Sei que muitos não concordarão com o nosso pensamento, pelo que peço perdão e licença para elucidá-lo. O meu intuito não é diminuir qualquer das entidades que baixam nos Terreiros de Umbanda e muito menos ferir qualquer suscetibilidade; eu sei, e todos sabem, que podem descer nos Terreiros entidades maiores que o Caboclo das Sete Encruzilhadas, embora não se declarem como tal, mas essas entidades que vem prestar socorro a filhos que sofrem, vem e voltam sem a responsabilidade que cabe ao Caboclo das Sete Encruzilhadas, que recebeu a missão de purificar os trabalhos da magia. Como prova, aí estão as suas Tendas, formando um todo homogêneo, organização que não tem similar e que vem resistindo a todas as campanhas que tem sofrido.

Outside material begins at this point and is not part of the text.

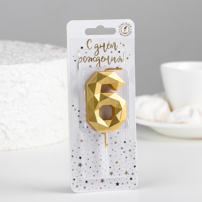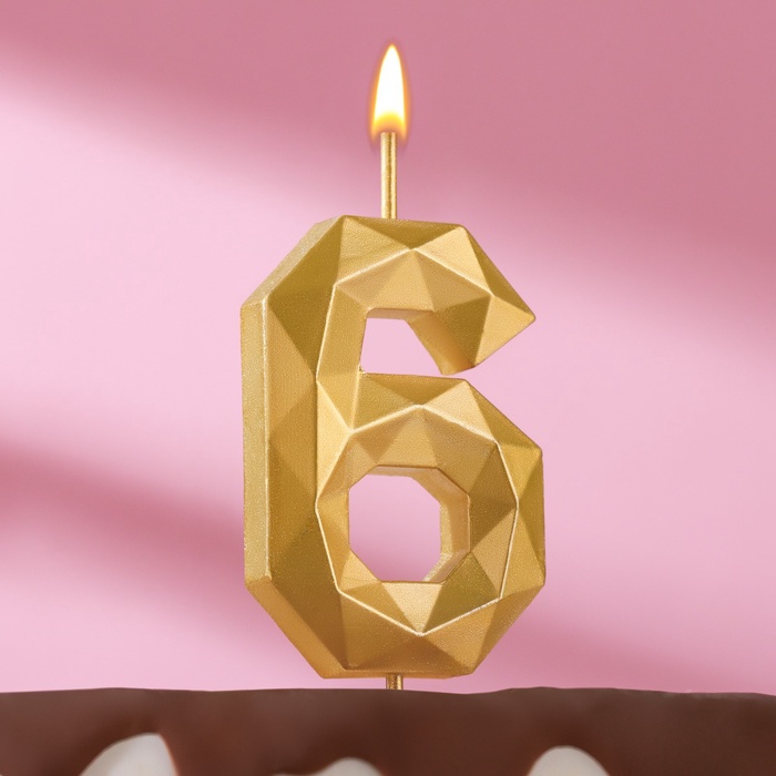 Свеча в торт на шпажке «Многогранник», цифра 6, 7 см, золото — Характеристики

As minhas declarações não têm outro sentido a não ser que o Caboclo das Sete Encruzilhadas foi realmente o comissionado para esse fim; ele não vai inovar, veio apenas purificar o que já se fazia no país há algumas centenas de anos; ele não destruiu os rituais praticados, antes deu-lhe força e método e o propagou com sua organização maravilhosa. Verdadeiro Mestre da Magia Branca, responsável pela pureza do seu ritual, ele não poderia abandoná-la, porque o considera sagrado; ao contrário, ele nos ensinou a amá-lo e a respeitá-lo, porque ninguém melhor do que ele sabe que não há religião sem ritual.
O que ele deseja, entretanto, é que este ritual de Umbanda, humilde, mas cheio de luz, seja nivelado ao ritual elevado das grandes religiões e isento de toda inferioridade e da prática de coisas inúteis e perniciosas. O que deseja, sobretudo, é que este ritual seja praticado apenas por Guias autorizados, porque não são todos Espíritos que baixam nos Terreiros que se acham à altura de praticá-lo.

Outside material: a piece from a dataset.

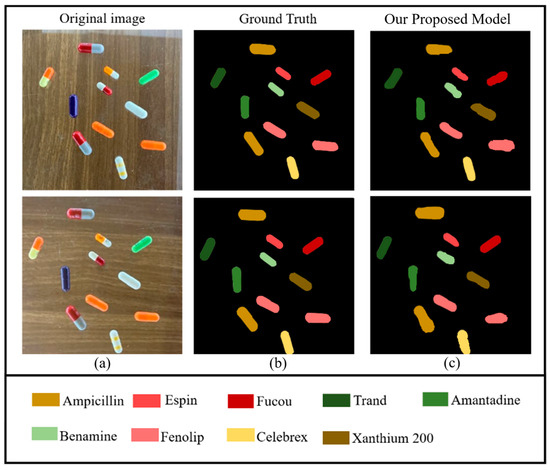 (a) a randomly selected pair of pill images, (b) corresponding ground truth images and (c) segmentation images.

Essas minhas declarações são tanto mais insuspeitas quanto todos sabem o grande amor que eu e todos os que fazem parte da Casa de São Jerônimo temos ao Caboclo da Lua, que é por nós considerado uma entidade de grandes poderes e elevada espiritualidade. Todavia, e para isso chamo a atenção de todos, por muito grande que seja, ele não hesitou em trabalhar sob a Chefia do Caboclo das Sete Encruzilhadas, e foi ele quem organizou e lhe ofereceu a Tenda de São Jerônimo, que espero será um dos esteios de sua obra formidável.

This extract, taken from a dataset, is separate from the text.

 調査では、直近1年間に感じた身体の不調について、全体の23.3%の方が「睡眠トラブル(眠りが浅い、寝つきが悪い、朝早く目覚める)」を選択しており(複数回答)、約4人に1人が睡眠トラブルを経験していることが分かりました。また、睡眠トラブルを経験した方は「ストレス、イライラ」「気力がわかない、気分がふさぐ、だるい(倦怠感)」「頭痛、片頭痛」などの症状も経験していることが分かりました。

Há alguns anos, previmos que Umbanda seria a futura religião do Brasil, numa visão feliz que posteriormente foi plasmada num estudo humilde e modestamente ofertado pelos filhos de São Jerônimo aos filhos de Santo Agostinho, que a nós são unidos pelo coração e pelos mesmos ideais. Então, a Umbanda era perseguida não só pelos outros credos religiosos, mas ainda, pelas autoridades constituídas que a rebaixavam ao nível da magia negra. Hoje, começamos a ver raiar a alvorada de Umbanda, porque são as próprias autoridades que nos convocam para uma confissão pública de Umbanda como credo religioso, permitindo que, com essa designação, as Tendas de Umbanda funcionem.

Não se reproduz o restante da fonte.